Syrrx Inc is a biotechnology company that specializes in the development of novel small molecule drugs aimed at treating cancer, metabolic diseases, and inflammation. By leveraging its expertise in high-throughput structural biology, Syrrx is able to determine the three-dimensional structures of drug targets that have been validated in human clinical trials. This foundational work supports their iterative, structure-based drug design programs, which efficiently generate potential drug candidates. The company has established partnerships for the development and commercialization of its designed human dipeptidyl peptidase IV (DPP IV) inhibitors for the treatment of type 2 diabetes and other significant diseases. Additionally, Syrrx has a strategic alliance focused on discovering and early developing inhibitors that target human histone deacetylases (HDACs) and 11β-hydroxysteroid dehydrogenase type 1 (HSD1), further expanding its therapeutic portfolio.

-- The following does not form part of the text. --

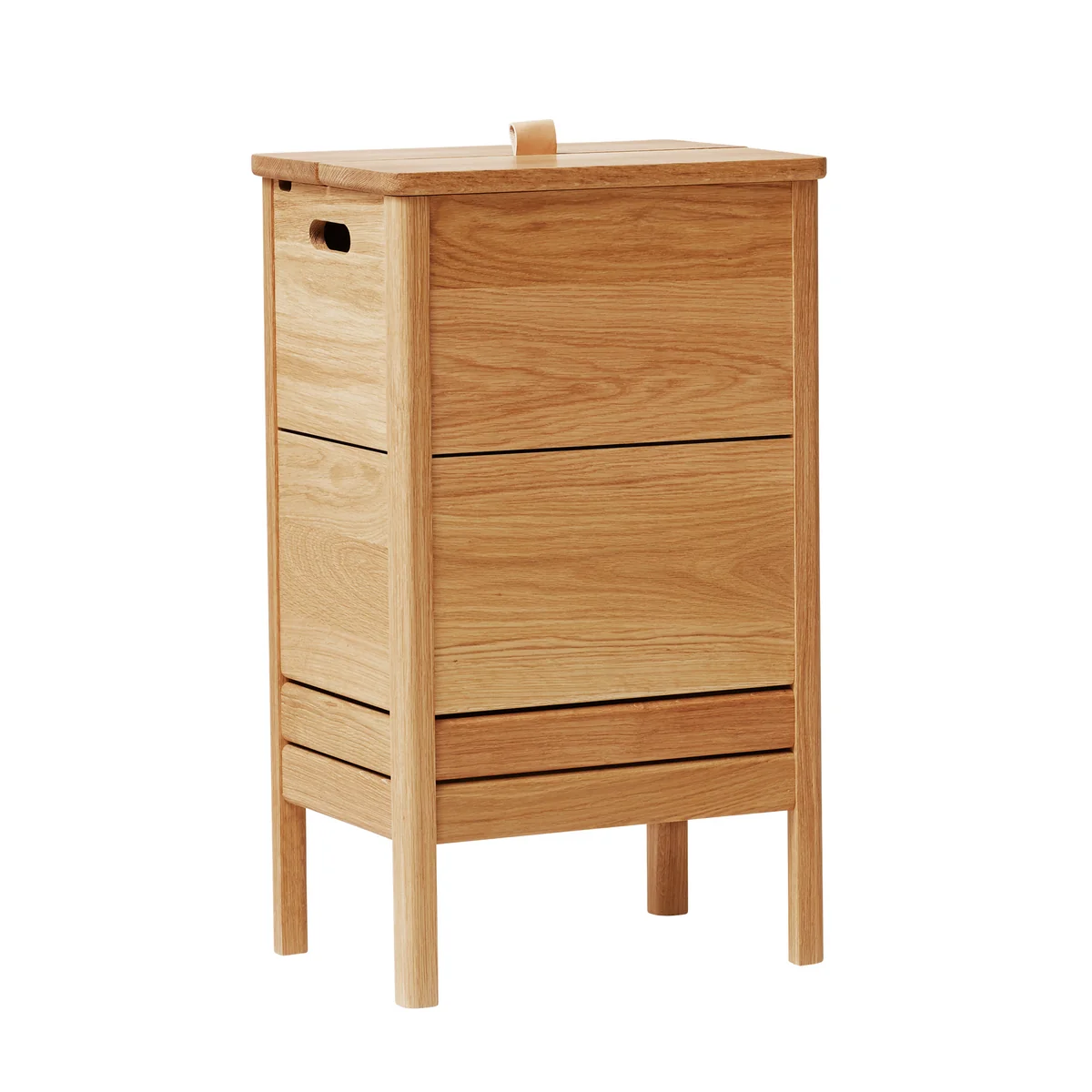 Le A Line panier à linge de Form & Refine est un beau panier à linge entièrement en bois qui impressionne par ses caractéristiques pratiques : le couvercle peut être soulevé à l'aide d'une boucle en cuir et reste ouvert pour remplir la boîte de linge. Deux fentes dans le panier à linge assurent une bonne ventilation du linge. Les poignées latérales rendent le panier pratique à transporter dans la maison. Grâce à ses pattes basses, le panier apporte une élégante légèreté à la pièce.

BioNumerik Pharmaceuticals, Inc. is an oncology-focused pharmaceutical company dedicated to the discovery, development, and commercialization of innovative drugs for cancer treatment and supportive care. Founded in 1992 and based in San Antonio, Texas, the company’s product portfolio includes Tavocept, which targets oncology and non-oncology indications, and Karenitecin, a novel anti-tumor drug belonging to the camptothecin class. BioNumerik is also advancing various preclinical oncology research programs, exploring areas such as DNA methyltransferase modulators, novel platinum drugs, small molecule Bcl-2 inhibitors, and new formulations of taxanes. The company's multi-disciplinary approach integrates chemistry, biology, and advanced computing technologies to enhance the understanding of drug mechanisms and interactions.

Serenex is a U.S.-based medical drug discovery and development company established in 2000, specializing in oncology and related therapeutic areas. The company has developed a proprietary Hsp90 product platform, which includes a range of small molecule Hsp90 inhibitors targeting various conditions such as cancer, inflammatory diseases, fungal infections, viral diseases, and neurodegenerative disorders like Alzheimer's. Additionally, Serenex is advancing the development of SNX-1012, aimed at treating oral mucositis in patients with solid tumors. In 2008, Serenex was acquired by Pfizer, enhancing its capabilities in drug development and discovery.